Hi there! My name is Faryn and I married a man with a life threatening peanut and tree nut allergy. We have been together since 2009 and my life has certainly changed.
Prior to meeting Ryan, I ate nuts and peanuts all the time! I never had to read food labels, could travel to wherever I wanted, and used whatever beauty products I pleased. I had never known anyone with a nut allergy before and did not understand the daily fears/anxieties that people face.
Before dating Ryan, we would carpool to our summer jobs together. One day, I was running late and brought a Special K peanut butter snack bar in his car. I didn’t think anything of it but he asked me to immediately throw it out. This conversation led to the awkward conversation about him kissing girls in the past. He mentioned that whoever he dates cannot eat nuts because he could react upon kissing them or being intimate with them. Fast forward a few weeks later when we shared our first kiss. I tried to prank him by stating that I accidentally ate nuts earlier in day. Bad decision! The look he gave me was one I will never forget. From that point forward, I quickly realized just how serious his allergy was and began to empathize with his constant anxiety and fears surrounding food.
With this knowledge and a little research about couples with food allergies and whether or not he could react, we made the joint decision that I would abstain from all peanut and tree nut products. It does not stop at that - we do not go to certain restaurants (particularly Asian), travel across the Atlantic ocean, or get sweet treats outside of our apartment. Because communication with restaurants is crucial, we try to form positive relationships with food establishments that are accommodating by posting about them on our Instagram account and returning to the restaurant frequently.
Flying is an exhausting and nerve-racking experience. I give Ryan the window seat and he often puts his hood up to avoid smelling nuts. Passengers are allowed to eat whatever they please in such confined quarters with recycled air. If the airline permits (only a few do), we will pre-board to wipe down the tray tables and the airline may make a nut allergy passenger announcement. However, there are no guarantees that the airline will comply with protocol, that the staff will follow through with requests, and that passengers will comply with any instructions.
Other unexpected issues my husband faces are at parties or social gatherings. There is zero control over the situation as people love to serve things containing nuts and people also love to eat nuts with their hands.
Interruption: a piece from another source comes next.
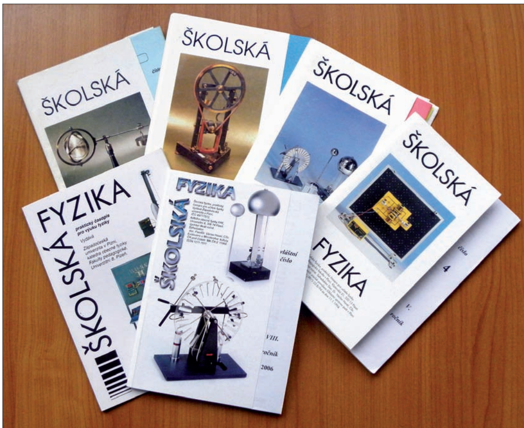
Obr. 1 – Obálky prvních ročníků časopisu školská fyzika

Školská fyzika začala vycházet ve školním roce 1993/1994 jako regionální časopis určený učitelům fyziky v regionu západních Čech. Při jejím vzniku jsme chtěli poskytovat aktuální informace o fyzikálních novinkách, předávat další potřebné informace z fyziky i didaktiky fyziky a zároveň vytvořit prostor pro vzájemnou výměnu informací mezi jednotlivými učiteli. Naším dalším záměrem bylo vytvořit prostředí, které by umožnilo komunikaci mezi výrobci fyzikálních pomůcek či pořadateli zajímavých akcí a učiteli fyziky.

Subsequently, people typically greet you with handshakes or kisses on the cheek.
While the aforementioned issues are very much a reality in our relationship, I wish people would understand that we are not special. We are not asking that others accommodate us all the time; rather we hope that people take the time to be educated and compassionate. This is not a choice, fad diet or even a religious obligation. A remnant or dusting of a nut product could send Ryan into anaphylactic shock or even death.
My friends often will say things to me like, “Wow! You are strong. I would never be able to date someone with a nut allergy! I need my nuts...” My response is that there are worse things in life like having a physical disability, mental handicap, cancer, missing limbs, etc. I love him and wouldn’t want it any other way. Ryan is strong willed and careful. He has only had a handful of reactions in his lifetime because he doesn’t take risks to “try something new” or because something looks so delicious that he can’t resist. Having a food allergy unfortunately means playing by the rules, reading food labels every single time, and a lot less spontaneity in every day life.